China cuts Putin off from Asian trade — Russia loses turnover
In 2024, the trade volumes between China and Kazakhstan, Uzbekistan, Tajikistan, and Kyrgyzstan more than doubled those of these countries with Russia, as Beijing captured key markets in Central Asia that Russia had traded with for decades.
This is reported in an analytical piece by the British newspaper The Telegraph.
How much China’s trade has grown in these markets
The publication notes that last year Russia’s trade with the Central Asian states exceeded $45 billion (according to Putin himself). Meanwhile, according to Chinese agency Xinhua, China’s trade with the region reached $94.8 billion last year.
Interestingly, a quarter of a century ago, the situation was the exact opposite. In the early 2000s, Russia’s trade with Central Asian countries was more than five times higher than China’s trade with the region, The Telegraph reports.
In 2000, Russia’s trade with Kazakhstan, Uzbekistan, Tajikistan, and Kyrgyzstan amounted to $9 billion, while China’s totaled $1.7 billion.
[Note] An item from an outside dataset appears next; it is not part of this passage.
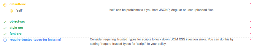 Using csp evaluator, we can see that we can use scripts from the same origin.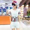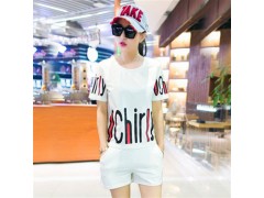 2016夏季新款韩版修身休闲套装字母印花短袖运动服一件代发

By 2010, Russia’s trade with Central Asia was still 1.5 times higher than its trade with China—$15 billion versus $10 billion.
How China managed to capture these markets
China’s trade in Central Asia grew rapidly following the launch of Beijing’s "Belt and Road" initiative in 2013, The Telegraph notes. By 2015, China’s trade with Kazakhstan, Uzbekistan, Tajikistan, and Kyrgyzstan reached $30 billion, while Russia’s trade amounted to $18.6 billion.
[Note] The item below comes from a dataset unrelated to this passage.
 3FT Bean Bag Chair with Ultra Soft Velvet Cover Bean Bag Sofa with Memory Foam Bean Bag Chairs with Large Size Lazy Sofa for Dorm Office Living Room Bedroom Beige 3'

After the start of Russia’s full-scale aggression against Ukraine, trade with Russia began to decline dramatically. Over the past three years, China’s role in the foreign trade of Central Asian countries has accelerated even further, The Telegraph reports.
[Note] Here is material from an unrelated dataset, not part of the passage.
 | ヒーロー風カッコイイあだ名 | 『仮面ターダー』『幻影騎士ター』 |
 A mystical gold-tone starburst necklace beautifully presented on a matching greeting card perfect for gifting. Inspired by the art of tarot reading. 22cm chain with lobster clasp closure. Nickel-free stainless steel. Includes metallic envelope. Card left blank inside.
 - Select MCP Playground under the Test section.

While Moscow’s attention was diverted from the region, Beijing filled the resulting vacuum—not only by signing an increasing number of resource supply agreements with Central Asian countries, but also by launching extensive infrastructure projects across the region.
The goal is clear: to ensure that China can maintain uninterrupted transit of goods to Europe and other global markets regardless of the geopolitical situation, The Telegraph writes.